Benjamin Amadeo DeLuzio (born August 9, 1994) is an American professional baseball outfielder in the Chicago Cubs organization. He made his Major League Baseball debut with the St. Louis Cardinals in 2022.

Amateur career
DeLuzio was born in St. Louis, Missouri, but grew up in Orlando, Florida, where he attended The First Academy and played football and baseball. As a senior in 2013, he hit .424 with 21 RBIs. He was selected by the Miami Marlins in the third round of the 2013 Major League Baseball draft, but did not sign and instead enrolled at Florida State University to play college baseball for the Florida State Seminoles.

DeLuzio was a part of Florida State's starting lineup for all three seasons of his collegiate career.

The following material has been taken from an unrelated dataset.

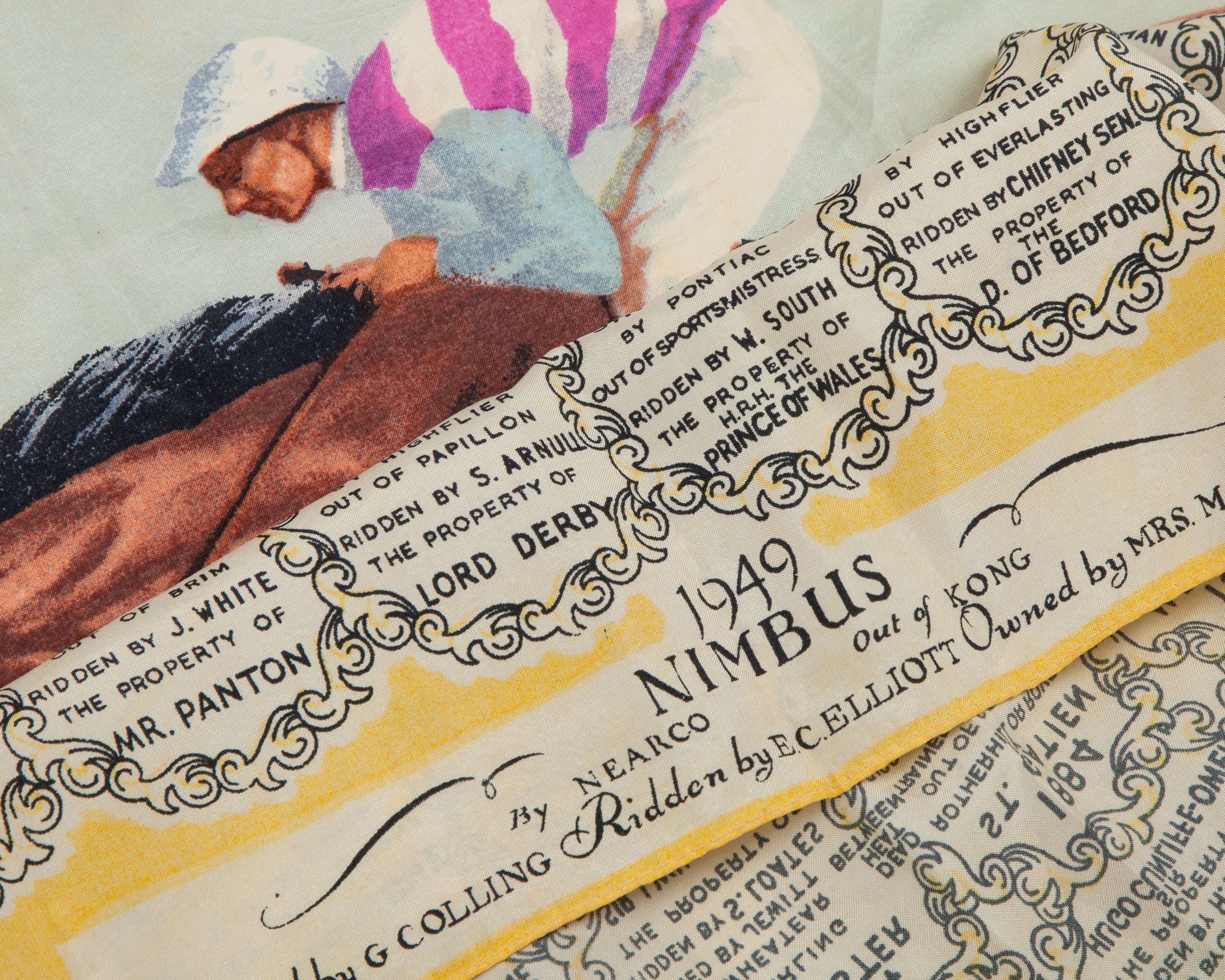 Ladies silk scarf commemorating the victory of Nimbus in the 1949 Derby

In both 2014 and 2015, he played in the Cape Cod Baseball League for the Hyannis Harbor Hawks.

Professional career

Arizona Diamondbacks 
DeLuzio went unselected in the 2016 Major League Baseball draft following his junior season and signed with the Arizona Diamondbacks as a free agent. He spent six years as a member of the Diamondbacks organization, and reached as high as Triple-A with the Reno Aces in 2019 and 2021.

St. Louis Cardinals 
After the 2021 season, the St. Louis Cardinals selected DeLuzio in the minor league phase of the 2021 Rule 5 draft. The Cardinals assigned him to the Memphis Redbirds to open the 2022 season.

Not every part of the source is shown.